Drew Wahlroos

No. 58
- Position: Linebacker

Personal information
- Born: June 7, 1980 Poway, California, U.S.
- Died: September 2, 2017 (aged 37) San Diego, California, U.S.
- Listed height: 6 ft 3 in (1.91 m)
- Listed weight: 230 lb (104 kg)

Career information
- High school: Poway (CA)
- College: Colorado
- NFL draft: 2003: undrafted

Career history
- Philadelphia Eagles (2003)*; → Amsterdam Admirals (2003–2004); Tennessee Titans (2004)*; St. Louis Rams (2004–2005);
- * Offseason or practice squad member only

Career NFL statistics
- Total tackles: 17
- Stats at Pro Football Reference

= Drew Wahlroos =

American football player (1980–2017)

Drew Edward Wahlroos (June 7, 1980 - September 2, 2017) was an American professional football linebacker. He played in the National Football League (NFL) for the St. Louis Rams in 2004 and 2005. In two seasons with the Rams, Wahlross appeared in 21 games, mostly on special teams.

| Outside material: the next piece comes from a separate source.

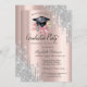 Silver Glitter Drips Floral Grad Cap Rose Gold Invitation
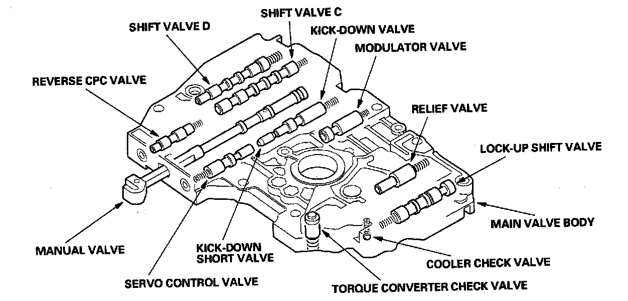 The main valve body contains the manual valve, the modulator valve, the shift valve C, the shift valve D, the servo control valve, the cooler check valve, the torque converter check valve, the reverse CPC valve, the lock-up shift valve, the relief valve, the kick-down valve, the kick-down short valve, and the ATF pump gears. The primary function of the main valve body is to switch fluid pressure on and off and to control hydraulic pressure going to the hydraulic control system.

Wahlroos played high school football at Poway High School from 1996 to 1997. He played college football at the University of Colorado from 1999 to 2002. In November 2001, Wahlroos accused five Nebraska fans of attacking him outside a bar after Colorado defeated Nebraska 62–36. Wahlroos suffered a broken nose and black eye and said, "I was at the wrong place at the wrong time." In December 2002, Wahlroos was arrested in San Antonio, Texas, and charged with public intoxication prior to Colorado's appearance in the Alamo Bowl. Wahlroos offered a public apology for his conduct and was permitted to play in the Alamo Bowl.

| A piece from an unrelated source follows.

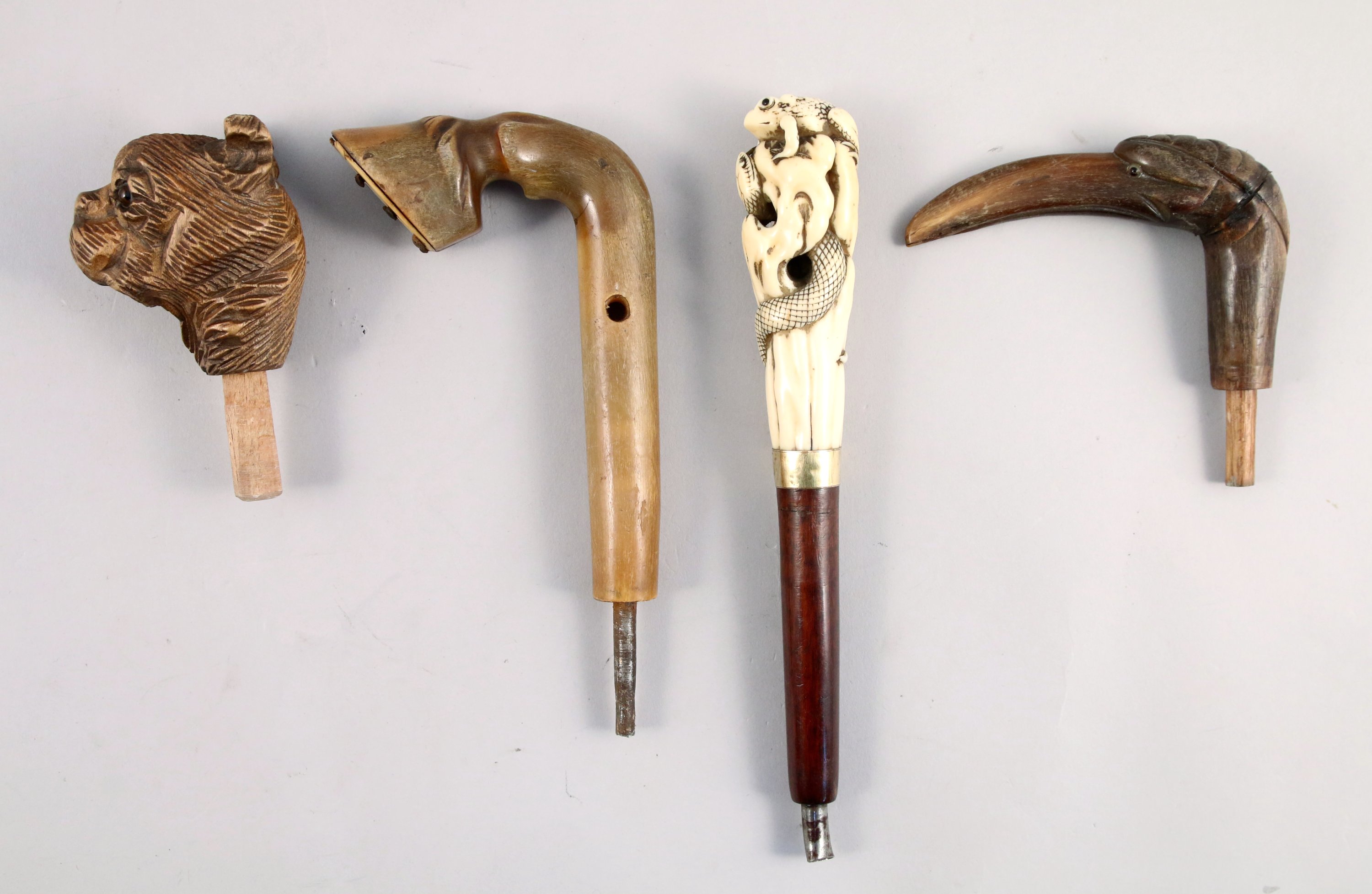 trois en corne sculptée à motif d'un sabot de cheval, d'une tête de flamand rose, d'une tête de bouledogue aux yeux de verre et un en os sculpté d'un serpent affrontant une grenouille.

He played for the Amsterdam Admirals in the NFL Europe during the 2003 season. In August 2006, Wahlroos was placed on injured reserve and subsequently released by the Rams with an injury settlement after suffering a broken hand.

On September 7, 2017, it was reported that Wahlroos had died of a self-inflicted gunshot wound on September 2 at the age of 37, and that his death had been ruled a suicide by the San Diego Medical Examiner's Office.